Coming to Tampa in 1933, Rogers assumed the presidency of the life insurance firm which then had assets of approximately $45,000. Through the years, he built the company to its present-day standing with assets of more than $1,600,000. Rogers took the lead in 1937 to get equal salaries for black teachers of Hillsborough County. He was a motivating force in the acquisition of the property which now houses Don Thompson High School. At the time of his death, he was on the staff of the Southern Regional Council, regional vice president of the National Negro League, on the staff of the National Association for the Advancement of Colored People, the National Urban League, and for many years a director of the Tampa Urban League. For thirty years he served as trustee of the Bethune-Cookman Negro College at Daytona Beach. He was past president of the National Negro Association.

==Legacy==
On June 7, 1951, the new park built by the City of Tampa Parks Department near Tampa's waterworks on the Hillsborough River was named in his honor. It was dedicated in a ceremony on June 17, 1951.

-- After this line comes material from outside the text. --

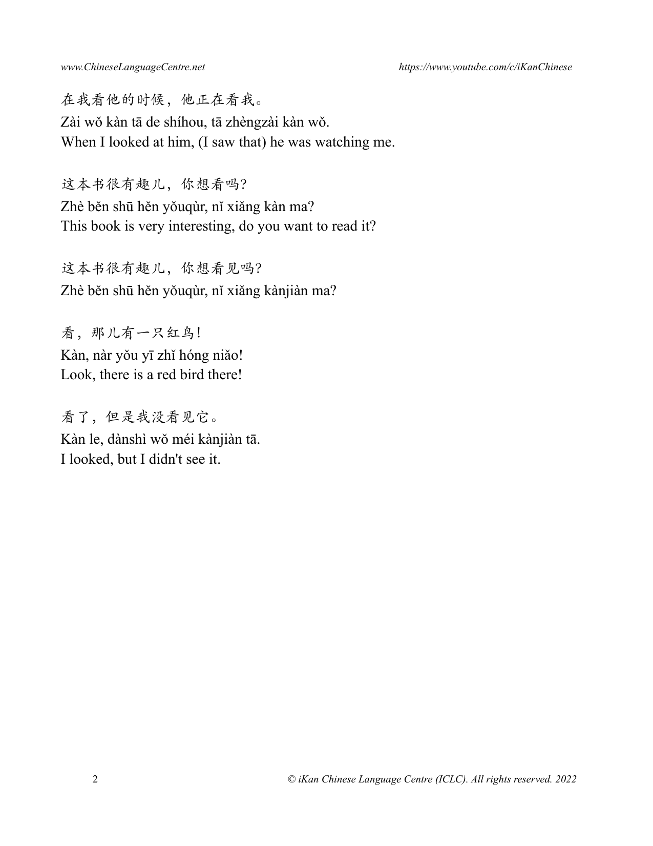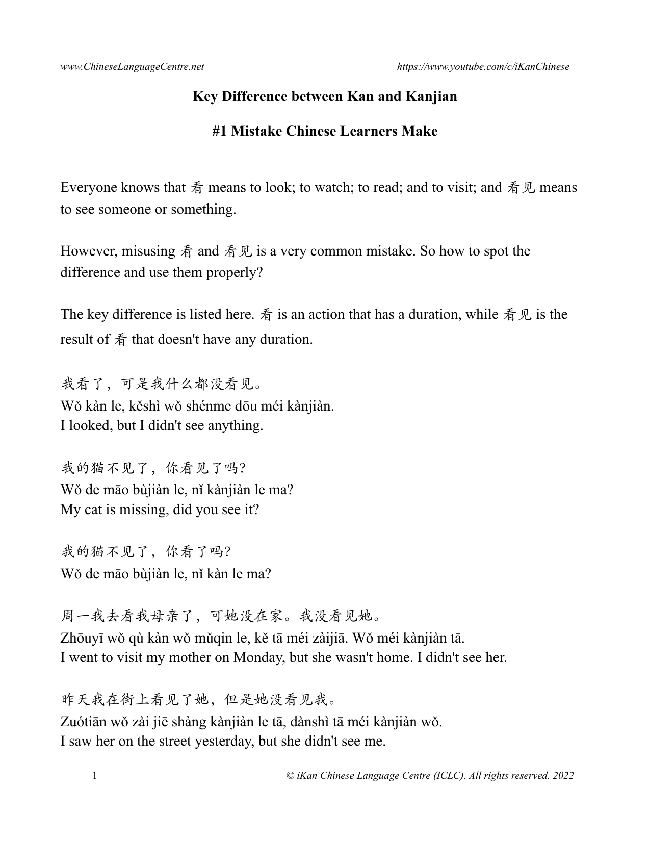 A crystal clear explanation of the key difference between 看 and 看见 is presented, along with some very typical examples. Viewers are expected to be able to use Kan and Kanjian with confidence afterwards.
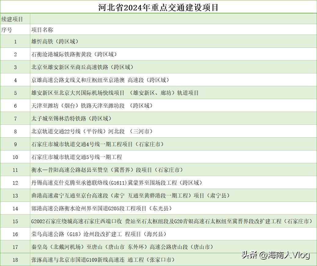 河北省2024年续建项目18项,其中高速公路项目9项目,

Rogers Garden Park Apartments, a segregated public housing project built in 1953 on 13th Avenue West between First Street and Ninth Street West, was also named for Rogers Sr. and was known as the Rogers Project. It was eventually demolished and the site is now home to the G.D. Rogers Garden Elementary School. Juneteenth celebrations have taken place on the site to commemorate its history and significance to the black community. It included about 180 2 and 3 bedroom units and was Bradenton’s first public housing. Home to cooks, maids, field workers, and teachers, it was close to Ninth Avenue West, a corridor of black businesses, and the Palms of Bradenton on the other side of First Street was showplace for black entertainers like James Brown and Etta James.

In April 2013 a bust of Rogers was added along the Tampa Riverwalk.